▶ **DATA EXCERPTS**

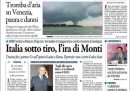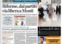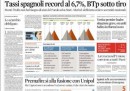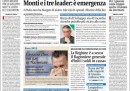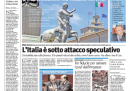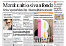 L’apertura dei giornali di oggi è dedicata alla situazione sui mercati finanziari, con l’Italia nel mirino della speculazione: Repubblica, il Messaggero e il Mattino si occupano del vertice fra Monti e i segretari dei partiti che sostengono il suo governo in cui il Presidente del Consiglio ha chiesto una maggiore coesione intorno alla sua azione, il Corriere della Sera e la Stampa sottolineano le parole di Monti per il quale l’Italia non ha bisogno di aiuti da parte dell’Europa, mentre il Giornale e il Manifesto si preoccupano del destino della moneta unica europea.
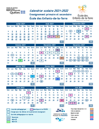 Calendrier scolaire 2021-2022 Enseignement primaire et secondaire École des Enfants-de-la-Terre Août 2021 Septembre 2021 Dim Lun Mar Mer Jeu Ven Sam Dim Lun Mar Mer Jeu Ven Sam Juillet 2021 Dim…
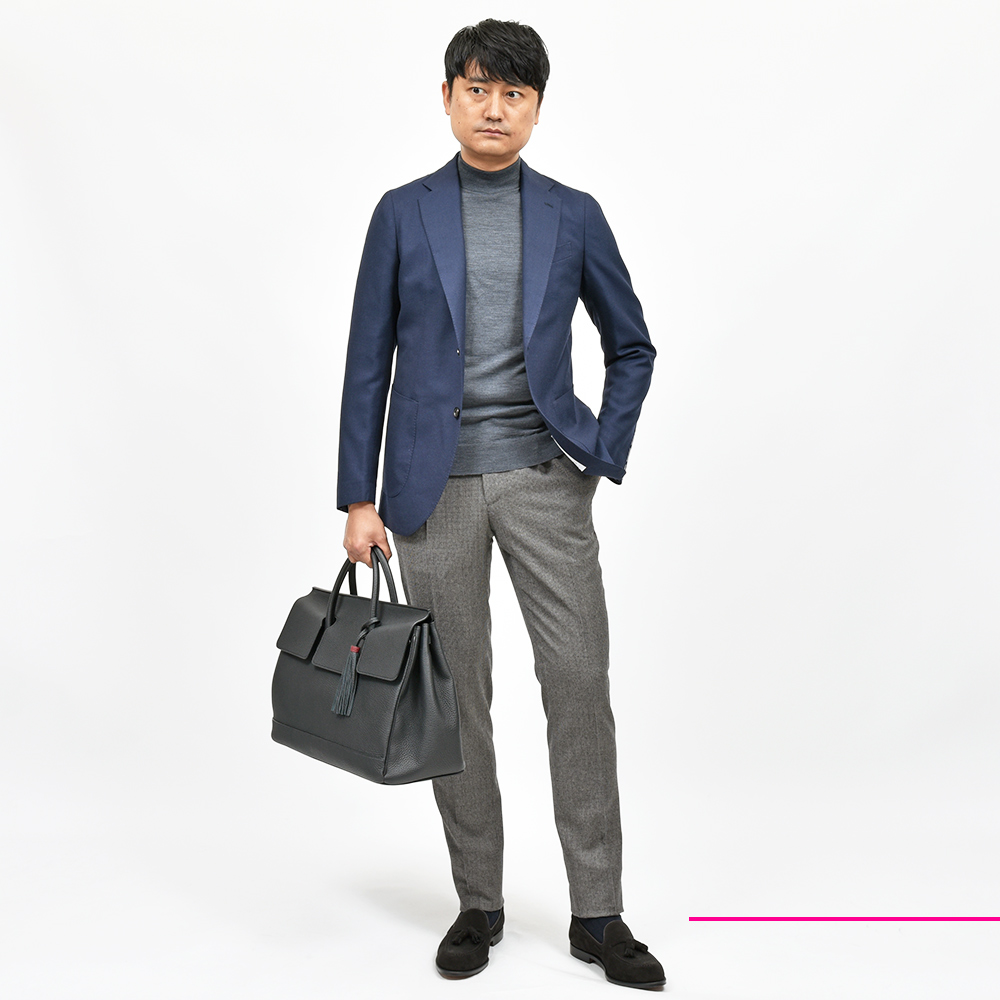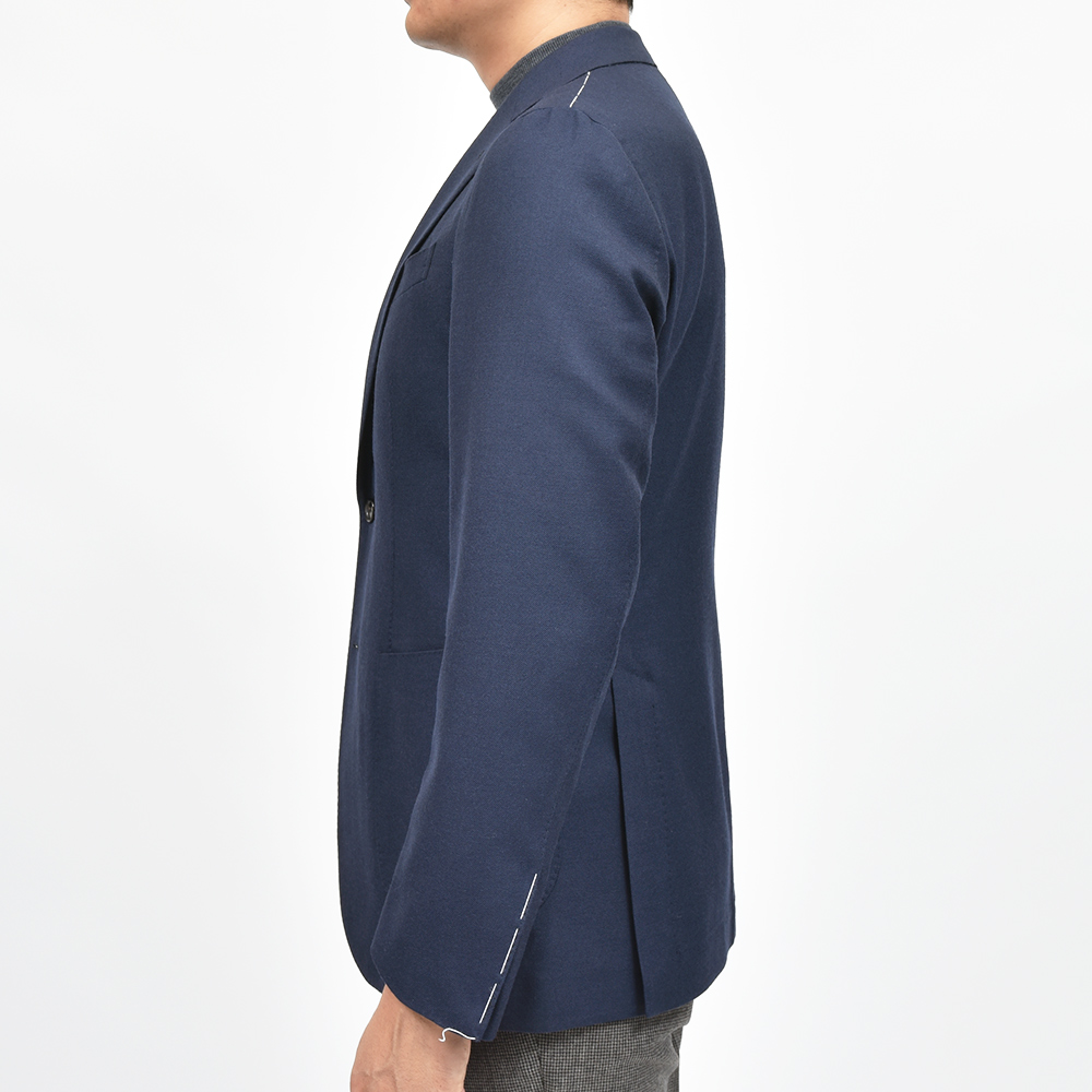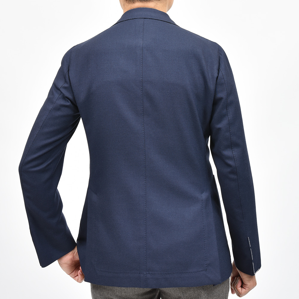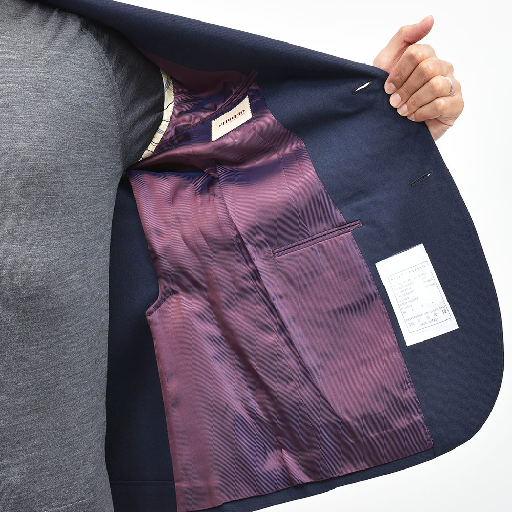 目付け280gのやや軽めのウールツイル生地は、仄かな起毛感のによって春から秋にかけての3シーズンで着用することができます。また、使い勝手の良いネイビーソリッドのシンプルなジャケットは、半毛芯の2つボタンシングルジャケットのモデル“FLAVIO”を採用していますので、クラシカルな重厚感よりも現代的で軽やかな印象をもたらせてくれます。
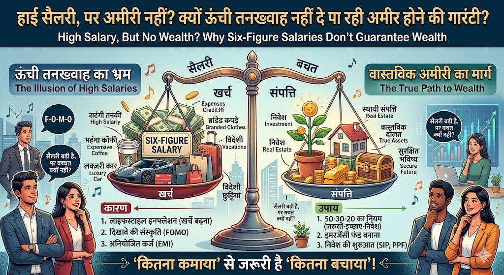 आधुनिक वर्क कल्चर में ‘सिक्स-फिगर सैलरी’ (महीने की लाखों में कमाई) एक स्टेटस सिंबल बन गई है। लेकिन वित्तीय विशेषज्ञों का कहना है कि “High salaries don’t guarantee wealth” (ऊंची सैलरी दौलत की गारंटी नहीं है)। ‘हाई सैलरी’ का भ्रम: शहरों में लाखों कमाने वाले प्रोफेशनल्स क्यों जूझ रहे हैं पैसों की तंगी से? शहरों में रहने वाले कई प्रोफेशनल्स आज ‘पे-चेक टू पे-चेक’ (सैलरी आते ही खत्म होना) वाली जिंदगी जी रहे हैं। अक्सर कहा जाता है कि जितनी बड़ी सैलरी, उतनी ही सुखद जिंदगी। लेकिन हालिया ट्रेंड्स और विशेषज्ञों की राय कुछ और ही कहानी बयां कर रही है। शहरी भारत में लाखों का पैकेज पाने वाले युवा प्रोफेशनल्स महीने के अंत तक बचत के लिए संघर्ष कर रहे हैं। आखिर कहाँ जा रहा है यह सारा पैसा?
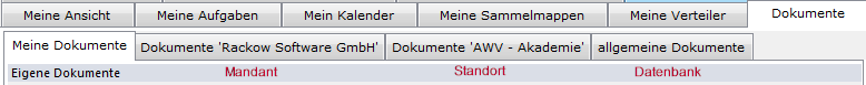 Meine Dokumente> ist eine Sammlung von Dokumenten, die Sie zweckmäßigerweise in ABES/Objekts gespeichert haben, damit Sie von überall her Zugriff darauf nehmen können. Sie erhalten hierunter vier weitere Register mit unterschiedlichen Zugangshorizonten:
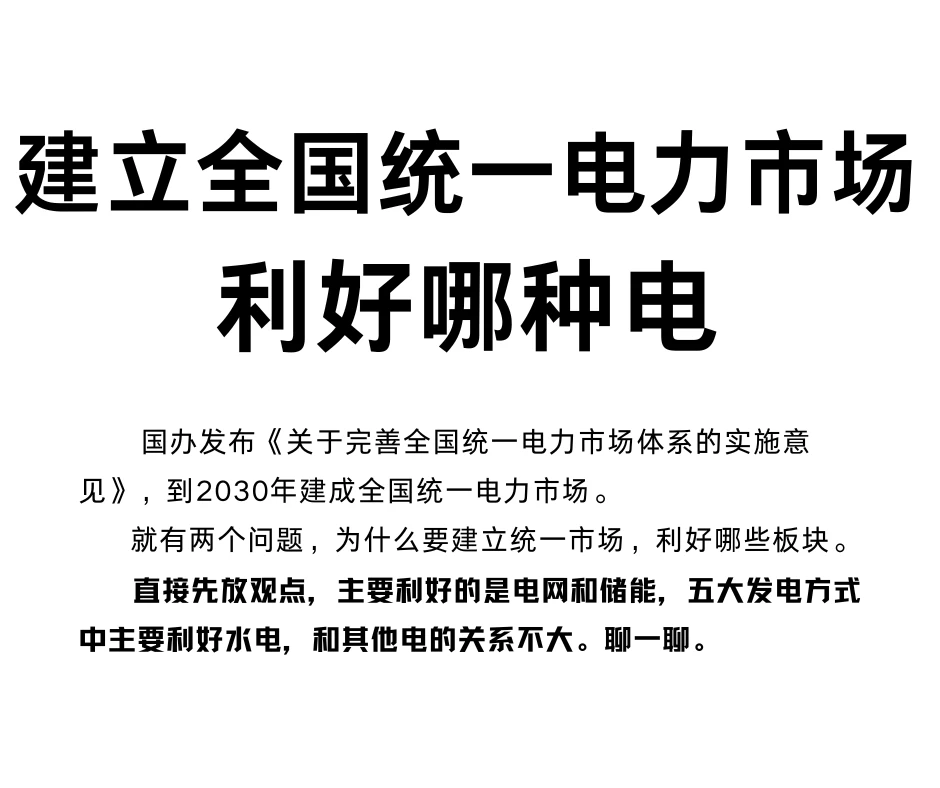 先放观点,利好电网和储能,五大发电方式中主要利好水电,和其他电的关系不大。聊一聊。
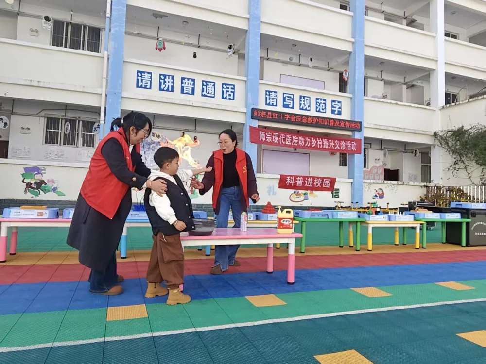 活动中,县红十字会志愿者化身“急救小老师”,用通俗易懂的语言讲解徒手心肺复苏操作要领,借助模拟人演示胸外按压、人工呼吸标准动作,邀请老师和小朋友近距离观摩学习,帮助大家了解实用急救技能。师宗现代医院医护团队则贴心开展健康义诊服务,口腔科、五官科、眼科、外科医生分别为小朋友检查牙齿、外耳道、视力及皮肤四肢发育情况,普及护牙、耳部清洁、护眼等健康知识,提供专业健康建议。
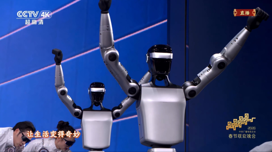 春晚节目《武BOT》中,宇树科技机器人与真人演员同台献上了一场精彩的“武林竞技”,不光翻跟头、跑跳空翻落地稳稳当当,还可手持长棍、双节棍、长剑等进行器械表演。其采用的机器人H2搭载自研全身运动控制算法,配备激光雷达与仿生视觉系统,可实现360度环境感知,进一步验证了其运动控制、规模化制造与场景应用能力。
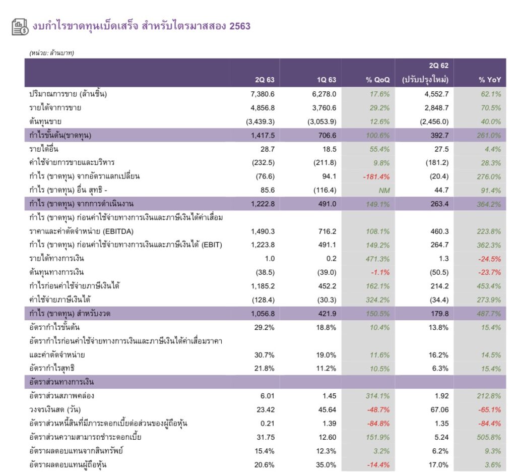 ทั้งนี้ บริษัทมีต้นทุนทางการเงินคงที่ และภาษีจ่ายที่เพิ่มขึ้นจากผลประกอบการที่เพิ่มขึ้น แต่อัตรากำไรหลังภาษีเงินได้ (PBT) เพิ่มขึ้นอย่างมีนัยสำคัญจาก 11.3% ในไตรมาส 1/2663 เป็น 21.8% ในไตรมาส 2/2563
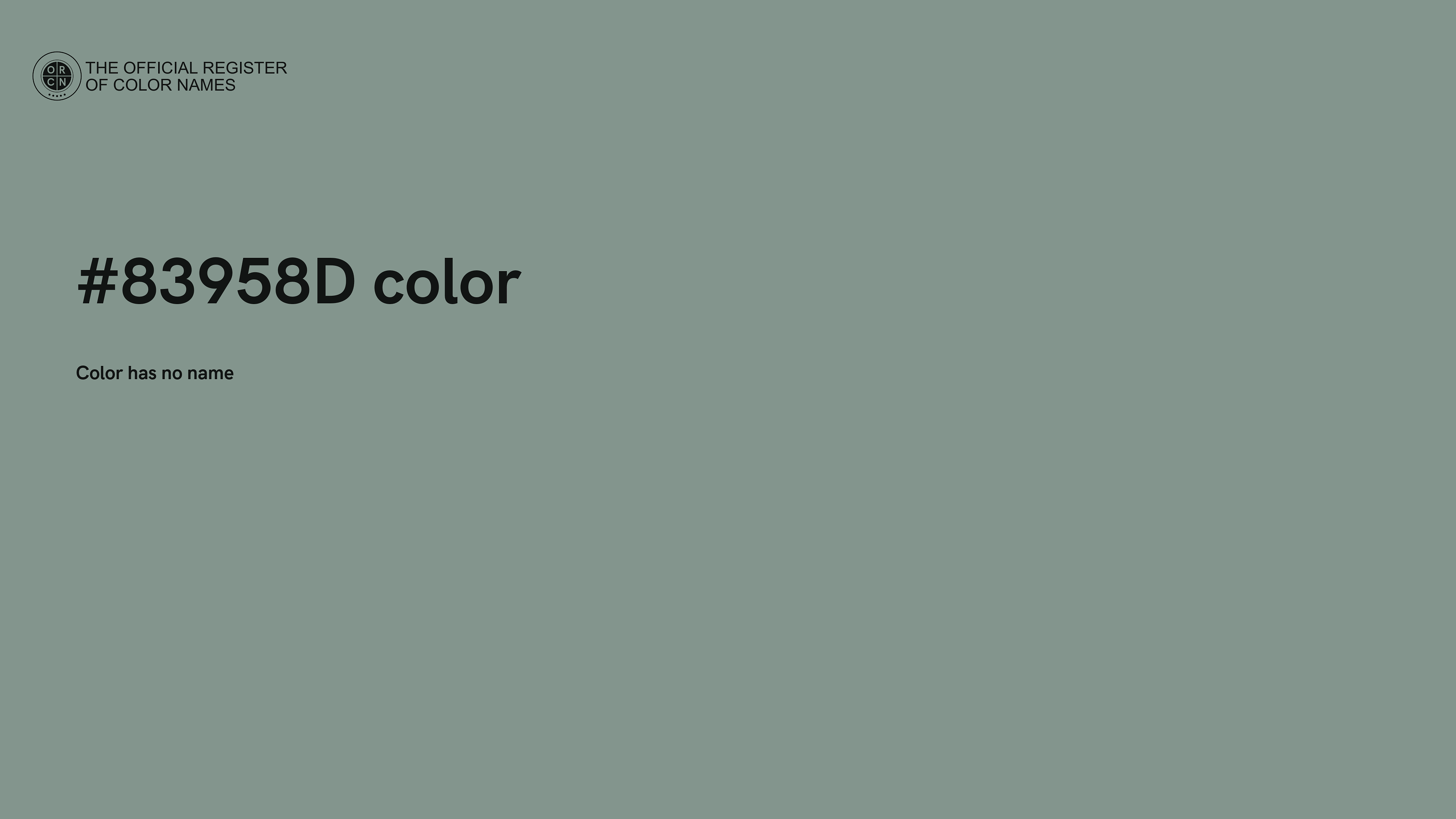 The digital color HEX #83958D belongs to the Spring Green Color Family featuring Desaturated (Saturation Family) and Light (Brightness Family).
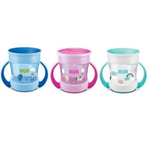 Highlights Has a unique 360° drinking rim shape that allows easy drinking from all sides Integrated air vent for uninterrupted flow while drinking Soft, ergonomic handles to encourage gripping. Spill-proof, easy to assemble and clean Includes lid for protection on the go BPA Free, 160ml, for babies aged 6 months plus
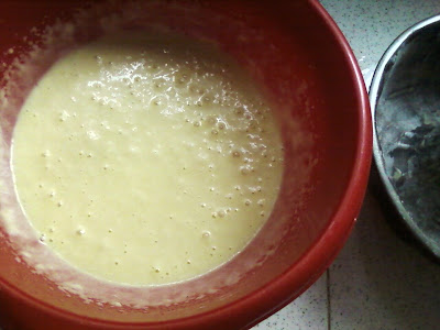و نعودو نخلطو و نكبو الخليط فمول الكيك مدهون و مرشوش بالطحين

▶ **PROBLEM DETAILS**
Output every record above exactly, leaving out the pictures.

▶ **SOLUTION TO THIS TASK**
 L’apertura dei giornali di oggi è dedicata alla situazione sui mercati finanziari, con l’Italia nel mirino della speculazione: Repubblica, il Messaggero e il Mattino si occupano del vertice fra Monti e i segretari dei partiti che sostengono il suo governo in cui il Presidente del Consiglio ha chiesto una maggiore coesione intorno alla sua azione, il Corriere della Sera e la Stampa sottolineano le parole di Monti per il quale l’Italia non ha bisogno di aiuti da parte dell’Europa, mentre il Giornale e il Manifesto si preoccupano del destino della moneta unica europea.
 Calendrier scolaire 2021-2022 Enseignement primaire et secondaire École des Enfants-de-la-Terre Août 2021 Septembre 2021 Dim Lun Mar Mer Jeu Ven Sam Dim Lun Mar Mer Jeu Ven Sam Juillet 2021 Dim…
 目付け280gのやや軽めのウールツイル生地は、仄かな起毛感のによって春から秋にかけての3シーズンで着用することができます。また、使い勝手の良いネイビーソリッドのシンプルなジャケットは、半毛芯の2つボタンシングルジャケットのモデル“FLAVIO”を採用していますので、クラシカルな重厚感よりも現代的で軽やかな印象をもたらせてくれます。
 आधुनिक वर्क कल्चर में ‘सिक्स-फिगर सैलरी’ (महीने की लाखों में कमाई) एक स्टेटस सिंबल बन गई है। लेकिन वित्तीय विशेषज्ञों का कहना है कि “High salaries don’t guarantee wealth” (ऊंची सैलरी दौलत की गारंटी नहीं है)। ‘हाई सैलरी’ का भ्रम: शहरों में लाखों कमाने वाले प्रोफेशनल्स क्यों जूझ रहे हैं पैसों की तंगी से? शहरों में रहने वाले कई प्रोफेशनल्स आज ‘पे-चेक टू पे-चेक’ (सैलरी आते ही खत्म होना) वाली जिंदगी जी रहे हैं। अक्सर कहा जाता है कि जितनी बड़ी सैलरी, उतनी ही सुखद जिंदगी। लेकिन हालिया ट्रेंड्स और विशेषज्ञों की राय कुछ और ही कहानी बयां कर रही है। शहरी भारत में लाखों का पैकेज पाने वाले युवा प्रोफेशनल्स महीने के अंत तक बचत के लिए संघर्ष कर रहे हैं। आखिर कहाँ जा रहा है यह सारा पैसा?
 Meine Dokumente> ist eine Sammlung von Dokumenten, die Sie zweckmäßigerweise in ABES/Objekts gespeichert haben, damit Sie von überall her Zugriff darauf nehmen können. Sie erhalten hierunter vier weitere Register mit unterschiedlichen Zugangshorizonten:
 先放观点,利好电网和储能,五大发电方式中主要利好水电,和其他电的关系不大。聊一聊。
 活动中,县红十字会志愿者化身“急救小老师”,用通俗易懂的语言讲解徒手心肺复苏操作要领,借助模拟人演示胸外按压、人工呼吸标准动作,邀请老师和小朋友近距离观摩学习,帮助大家了解实用急救技能。师宗现代医院医护团队则贴心开展健康义诊服务,口腔科、五官科、眼科、外科医生分别为小朋友检查牙齿、外耳道、视力及皮肤四肢发育情况,普及护牙、耳部清洁、护眼等健康知识,提供专业健康建议。
 春晚节目《武BOT》中,宇树科技机器人与真人演员同台献上了一场精彩的“武林竞技”,不光翻跟头、跑跳空翻落地稳稳当当,还可手持长棍、双节棍、长剑等进行器械表演。其采用的机器人H2搭载自研全身运动控制算法,配备激光雷达与仿生视觉系统,可实现360度环境感知,进一步验证了其运动控制、规模化制造与场景应用能力。
 ทั้งนี้ บริษัทมีต้นทุนทางการเงินคงที่ และภาษีจ่ายที่เพิ่มขึ้นจากผลประกอบการที่เพิ่มขึ้น แต่อัตรากำไรหลังภาษีเงินได้ (PBT) เพิ่มขึ้นอย่างมีนัยสำคัญจาก 11.3% ในไตรมาส 1/2663 เป็น 21.8% ในไตรมาส 2/2563
 The digital color HEX #83958D belongs to the Spring Green Color Family featuring Desaturated (Saturation Family) and Light (Brightness Family).
 Highlights Has a unique 360° drinking rim shape that allows easy drinking from all sides Integrated air vent for uninterrupted flow while drinking Soft, ergonomic handles to encourage gripping. Spill-proof, easy to assemble and clean Includes lid for protection on the go BPA Free, 160ml, for babies aged 6 months plus
و نعودو نخلطو و نكبو الخليط فمول الكيك مدهون و مرشوش بالطحين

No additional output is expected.